After running the numbers, one sector absolutely dominated during an otherwise lukewarm trading period last week. And it’s a sector that did a lot of the work in the early months (even years) of this bull market we’ve enjoyed since late 2022.

I’m talking about tech, of course!

Just look at the chart below…

07_21 sector performance

Key Insights:

  • The S&P 500 (SPY) closed the week -0.2% lower.
  • The tech sector (XLK) crushed the broader market with a 2.4% gain.
  • The energy sector (XLE) slightly edged out health care (XLV), with both losing 1.9%.
  • Five sectors beat the S&P, while six sectors underperformed.

Zooming out, tech bullishness has returned in a big way, with the sector trading 7.4% higher over the last month, beating the S&P 500’s gain of 4.5% over the same time frame.

That’s not quite the 2X to 3X outperformance we like to see when looking for “Bullish” or “Strong Bullish” individual stocks using my Green Zone Power Rating system, but it tells me this is a sector worth taking a closer look at.

Let’s do exactly that now by seeing which S&P 500 tech stocks are closing in on their 52-week highs…

Tech Sector’s Top Performers

As always, you’ll see below the Top 10 tech sector stocks that closed within 10% of their 52-week highs:

07_21 tech sector big movers blur

(If you want to see the full Green Zone Power Rating breakdown for each of these stocks, go here to see how you can join my flagship investing service now.)

One thing I will note here is that only three of the stocks above rate “Bullish” in my system, and none of these stocks are currently “Strong Bullish,” meaning they are set to beat the market by 3X over the next 12 months.

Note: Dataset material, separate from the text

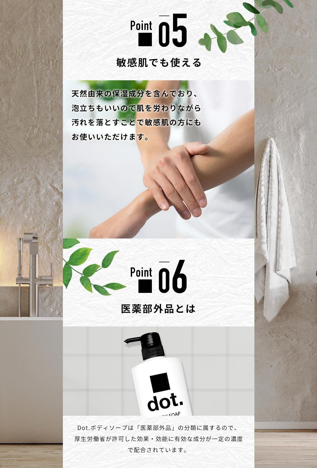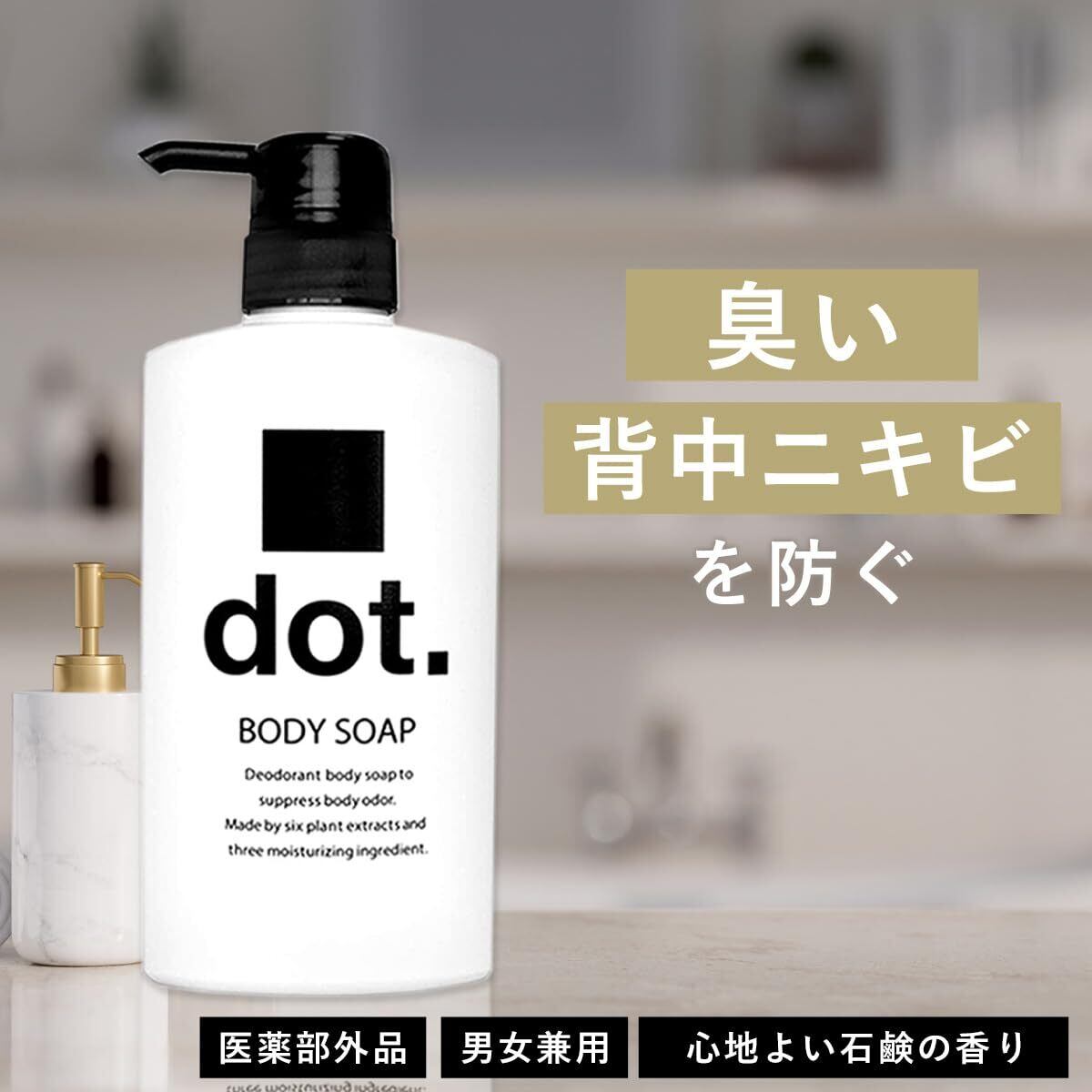 【dot】デオドラント ボディーソープ。『臭いの元を抑えしっかり洗浄』体臭、汗臭、背中ニキビを防ぐ。メンズ、レディース問わず、男女兼用、ご家族でもご利用頂けます。
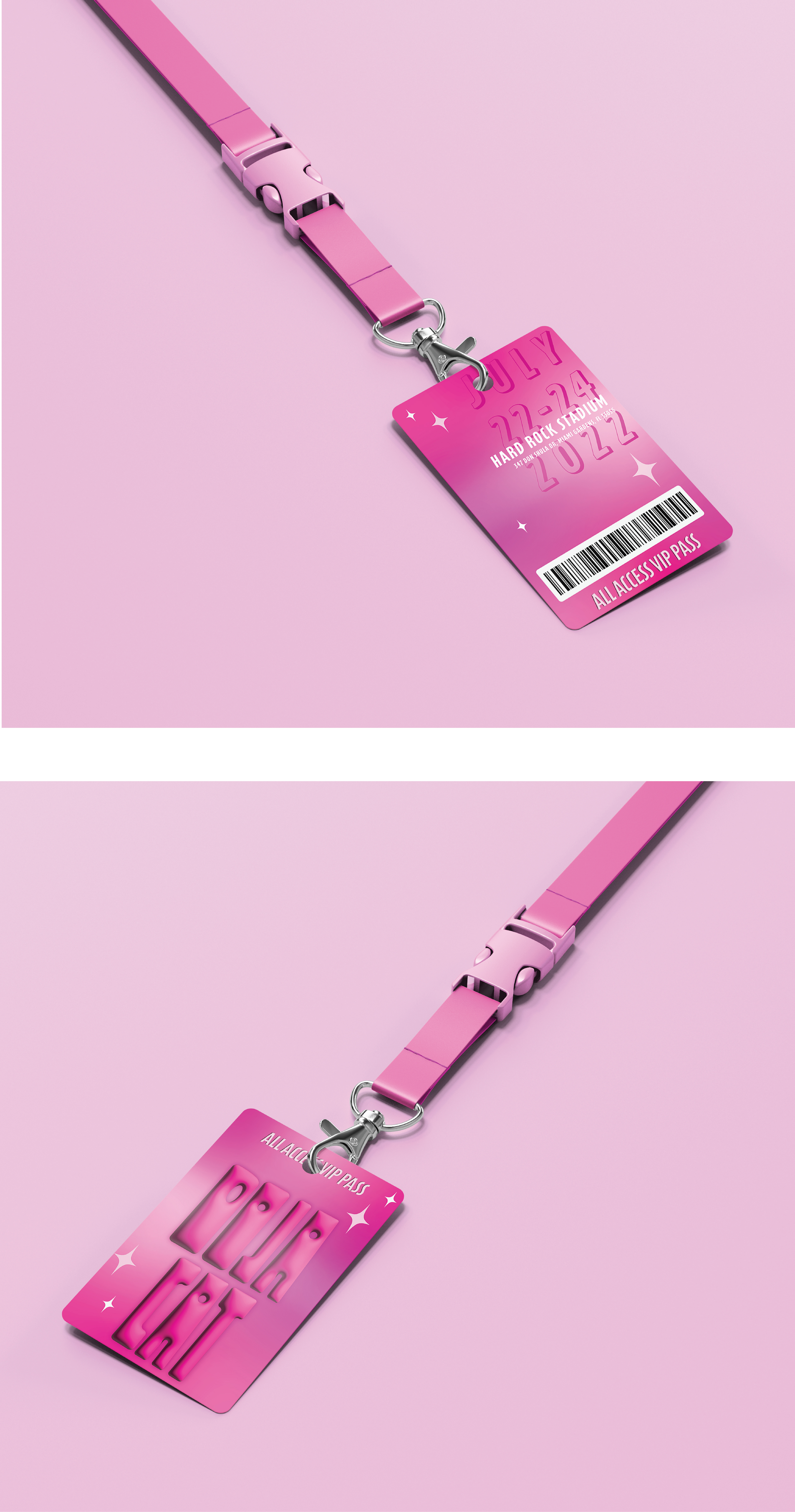 Doja Cat is an award winning artist, so I made a promotional concert poster, along with a VIP pass and a button pin. Shades of pink are used almost exclusively throughout these pieces to embody the artist’s personal aesthetic.

Remember that tech outperformance was concentrated in the so-called “Magnificent Seven” for much of the bull market we’ve been in since November 2022. For a while there, it felt like those seven stocks were the only game in town … but that may be changing. Have a look at this chart:

Mag 7 tech sector Nasdaq chart

The blue line above is a ratio chart, plotting the average price of the seven “Magnificent Seven” stocks against the Nasdaq 100 index, while the black plot at the bottom is the Nasdaq 100. Notice how the Nasdaq (black) is making new highs, but the Magnificent Seven ratio chart is not.

We’ll see how that “bearish divergence” in the strength of the Mag-7 plays out, but for now it’s indicative of investors looking elsewhere.

Of note, Nvidia Corp. (NVDA) is the only Mag-7 stock that passed this week’s screen. Investors can’t seem to get enough of NVDA, but it’s “Neutral” standing in my system points to performance that may merely track the broader S&P 500 over the next 12 months.

But now that we’re seeing market breadth expand as investors look for other opportunities and drive a wider selection of stocks higher, we’re seeing new tickers climb toward their recent highs. This is a great thing and also points to a strength of my Green Zone Power Rating system.

By using the system and looking for stocks that boast “Bullish” or better overall ratings, we have a stronger chance of investing in stocks that are “built to last” and shouldn’t have the bottom fall out should things reverse again.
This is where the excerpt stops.